CodeQL documentation

Comparison between inconvertible types

ID: js/comparison-between-incompatible-types
Kind: problem
Severity: warning
Precision: high
   - reliability
   - correctness
   - external/cwe/cwe-570
   - external/cwe/cwe-571
Query suites:
   - javascript-security-and-quality.qls

Click to see the query in the CodeQL repository

In JavaScript, equality operators (==, !=, ===, !==) and relational operators (<, <=, >, >=) can be applied to values of arbitrary types. However, if the operands cannot be converted to a common type, the result of the comparison will always be trivially true (for equality) or false (for inequality). Such comparisons are often due to a typo or a misunderstanding of the language semantics.


Inspect the comparison carefully to check whether it is due to a typo. If one of the operands is a constant, replace it with a constant of the right type. Otherwise, introduce appropriate function calls to convert the operands to a common type.

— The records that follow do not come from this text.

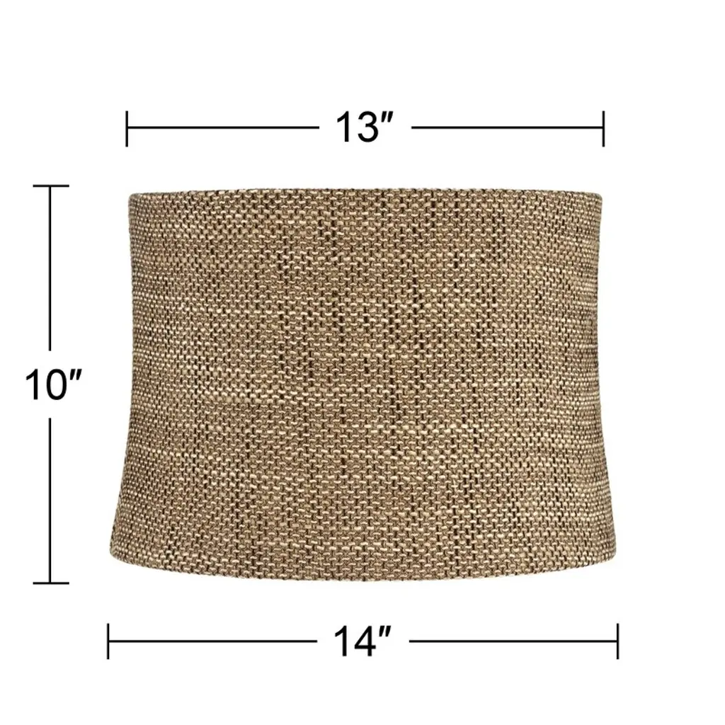 The versatility and bold style of this softback drum lamp shade creates a burlap-like look that adds earthy appeal to any accent or table lamp. From Springcrest Collection, its rugged, texturized linen fabric surface delivers a notable look in a transitional space. Enjoy a blend of charcoal and brown in a shade lined with cream cotton and poly blend lining. Subtle rolled trim offers a fine finish.
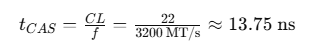 W praktyce sama wartość CL nie mówi wszystkiego — liczy się realne opóźnienie w czasie (ns), które zależy też od częstotliwości. Dla DDR4 3200 MHz CL22 wygląda to tak:
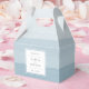 Modern Blue Wedding Favour Box. This beautiful and elegant dusty blue wedding box features a watercolor-painted ombre background with the bride and groom's names, wedding date, and 'thank you'. Find matching items in the Dusty Blue Watercolor Ombre Wedding Collection.
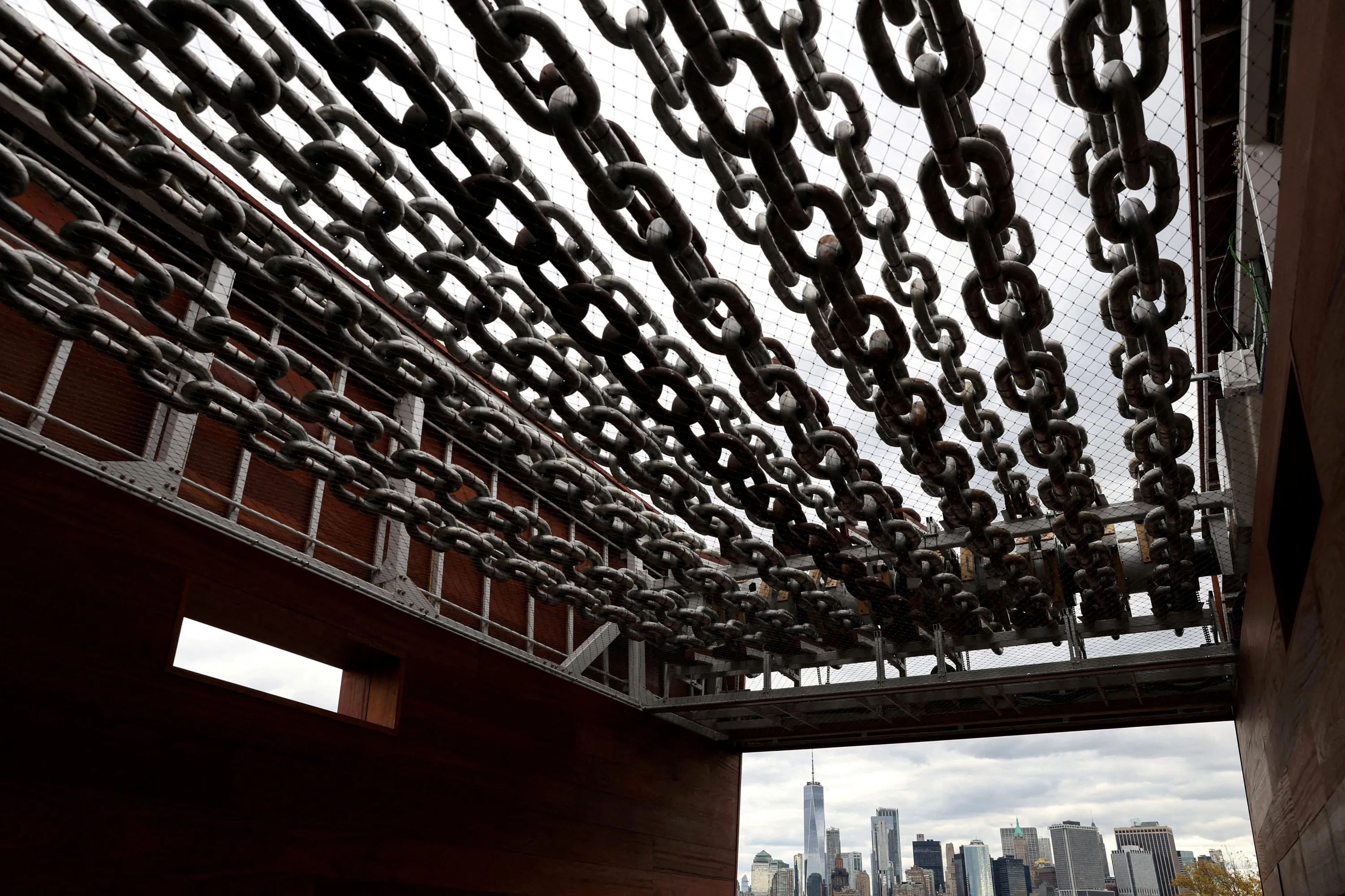 American artist Charles Gaines' second chapter of The American Manifest titled Moving Chains, a 110-foot long kinetic sculpture built from steel and sustainably harvested African Mahogany, is seen on Governors Island in the New York Harbor of New York City, U.S., October 19, 2022. (Photo by Shannon Stapleton/Reuters)
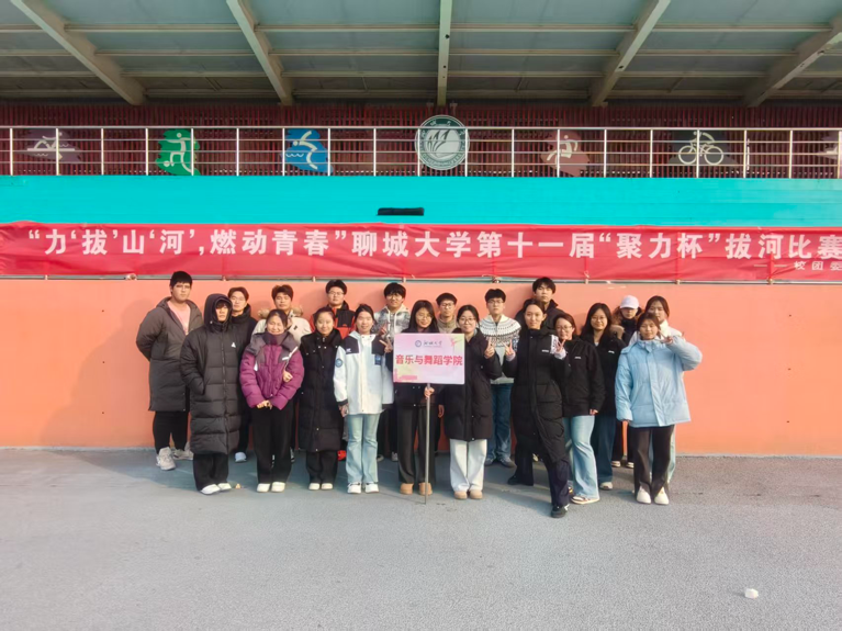 为丰富校园文化生活,锤炼学子团队协作精神,12月11日,聊城大学第十一届“聚力杯”拔河比赛于东校区田径场开赛,音乐与舞蹈学院学子组成参赛队伍踊跃参战。
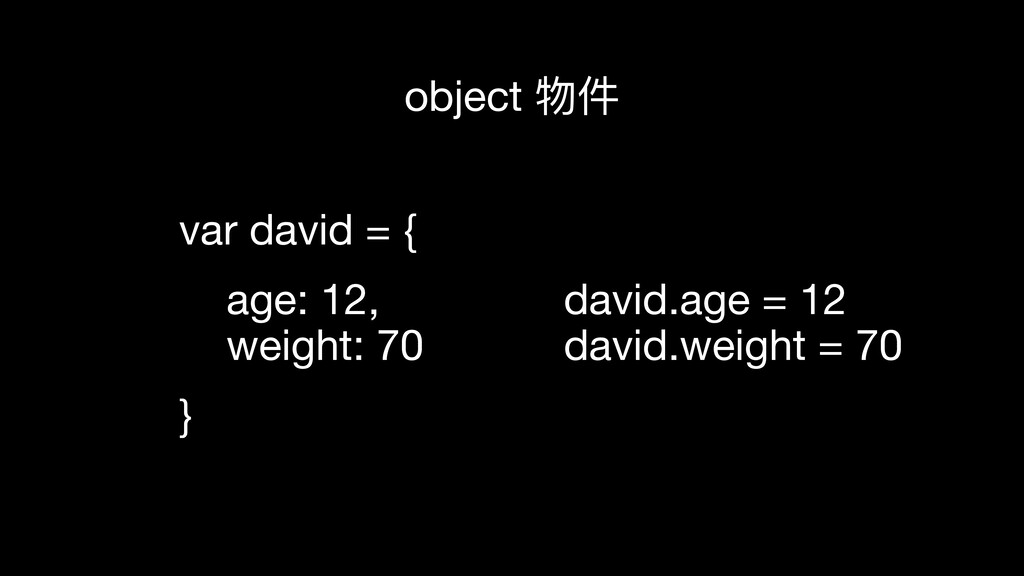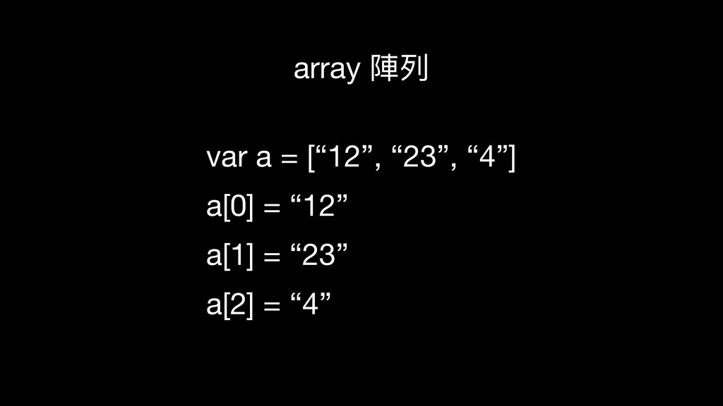 array 陣列 var a = [“12”, “23”, “4”] a[0] =

The following code attempts to check whether the global variable window is defined:

if (typeof window !== undefined)
	console.log("Running in a browser.");

However, this test is ineffective: typeof always returns a string, never undefined, so the if condition will always evaluate to true. Instead, the result of typeof should be compared to the string literal "undefined":

if (typeof window !== "undefined")
	console.log("Running in a browser.");

As another example, consider the following code snippet, which is meant to check whether the string "hello" occurs in the string held in variable text.

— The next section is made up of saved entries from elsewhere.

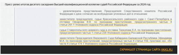 Подвижки начались в 2024-м. В ноябре только на одном 10-м заседании Высшей квалификационной коллегии судей (ВККС) были удовлетворены ходатайства СКР о возбуждении уголовных дел сразу по трём судьям (см. скриншот ниже).
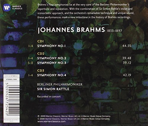 Sir Simon Rattle and the Berliner Philharmoniker have recorded the complete symphonies of Johannes Brahms live in a series of concerts from the Philharmonie, Berlin. This is a major recording of music that is central to the tradition of the 127-year-old orchestra, and is bound to be as groundbreaking and revelatory as Rattle's earlier recording of the complete Beethoven symphonies with the Vienna Philharmonic. The combination of the incomparable sound and musicianship of the Berliner Philharmoniker and the iconoclastic, visionary approach that has characterized Sir Simon's music-making over the past thirty years is likely to result in a set of recordings that will challenge, invigorate, and refresh this well-known and cherished repertoire. Rattle's first Brahms recording with the Berliner Philharmoniker, Ein deutsches Requiem, won critical accolades and both Grammy® and Classic FM/Gramophone Awards. Now Sir Simon and the Orchestra have committed to disc the complete Brahms symphonies, recorded in concert at Berlin's Philharmonie in Autumn of 2008. In the words of Die Zeit, "Simon Rattle has finally dared to tackle Brahms with the Berliner Philharmoniker. He combines Furtwängler's monumentality with Karajan's beautiful sound . . .". Rattle confirms that performing these works with the Berliner Philharmoniker, which has been hailed as the world's greatest Brahmsian, orchestra "gives you a possibility of colours that you have almost nowhere else. . . . I can say to this orchestra, `I need a different sound' and the sound changes immediately."
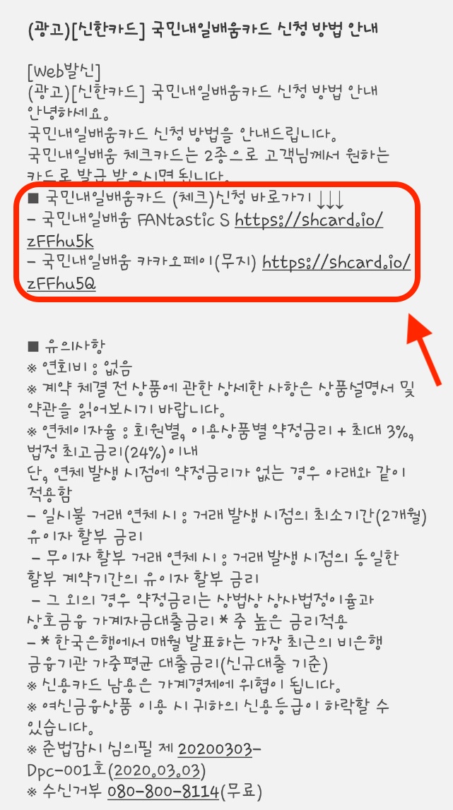 이렇게 신한은행 번호로 문자가 오게 됩니다. 저기 국민 내일 배움 카드 신청 바로가기를 눌러주시면 됩니다. 2가지 종류가 있는데요, 각각 혜택 받는 종류가 다릅니다.
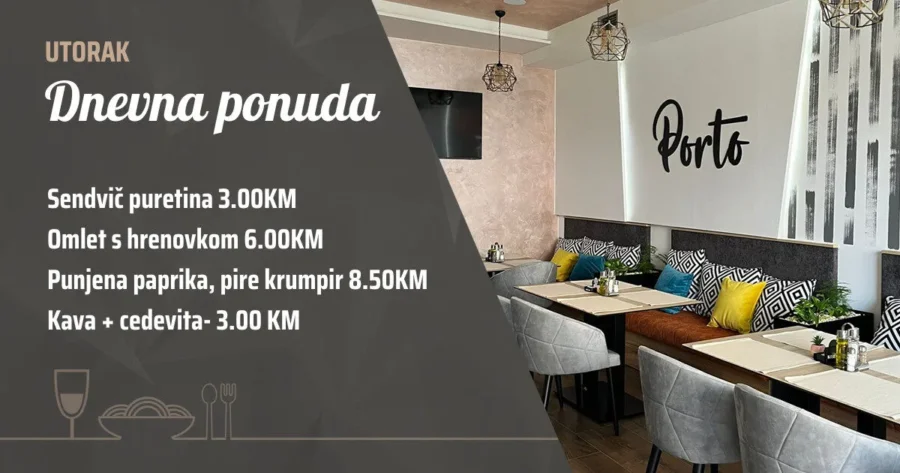 Restoran i caffe Porto u Vitezu predstavlja ponudu jela dana za utorak, 11.11.2025. godine pri čemu se ističu punjene paprike s pireom. sendvič s puretinom te omlet. Tu je i ponuda pića, kava i cedevita za svega 3,00 KM.
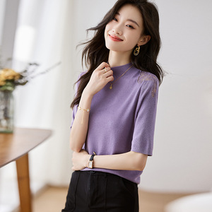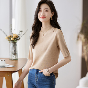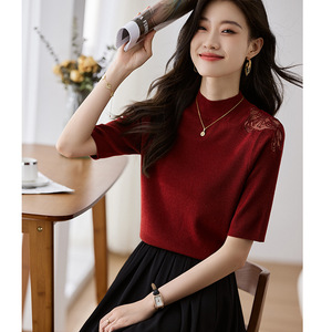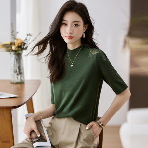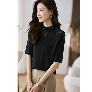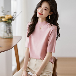 秋装新款含羊毛半高领套头针织衫内搭2025年秋装镂空毛衣女薄上衣
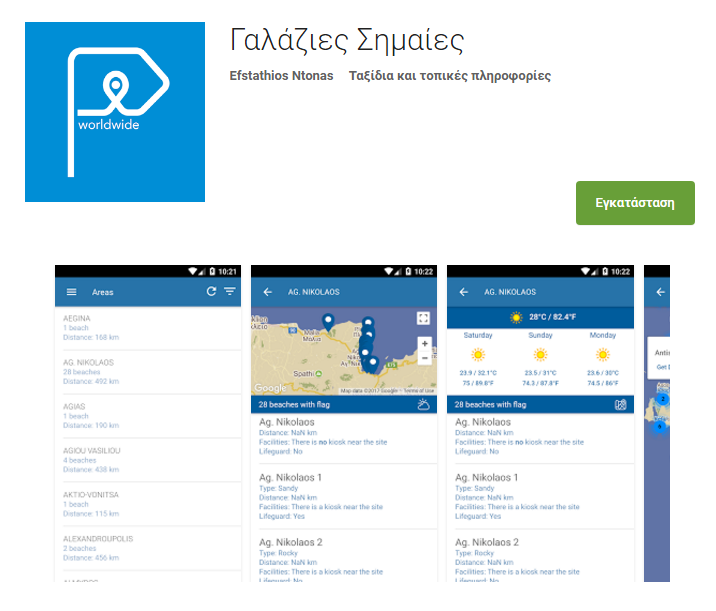 Ο Ευστάθιος Ντονάς δημιούργησε την πολύ χρήσιμη δωρεάν εφαρμογή για τα κινητά/tablets Android & iPhone “Beach Flags”, για τις «Γαλάζιες Σημαίες» της χώρας μας, αλλά και όλης της υφηλίου.

if (text.indexOf("hello" >= 0))
	console.log("Found it.");

Note, however, that the test has been mistyped: the closing parenthesis of the call to index should come before the operator >=, not after it. As it stands, this code performs a greater-or-equal comparison between the constant string "hello" and the number zero, which evaluates to false. This value is then passed to indexOf, which converts it to the string "false" and returns the first index at which this string occurs in text (or -1 if it does not occur at all).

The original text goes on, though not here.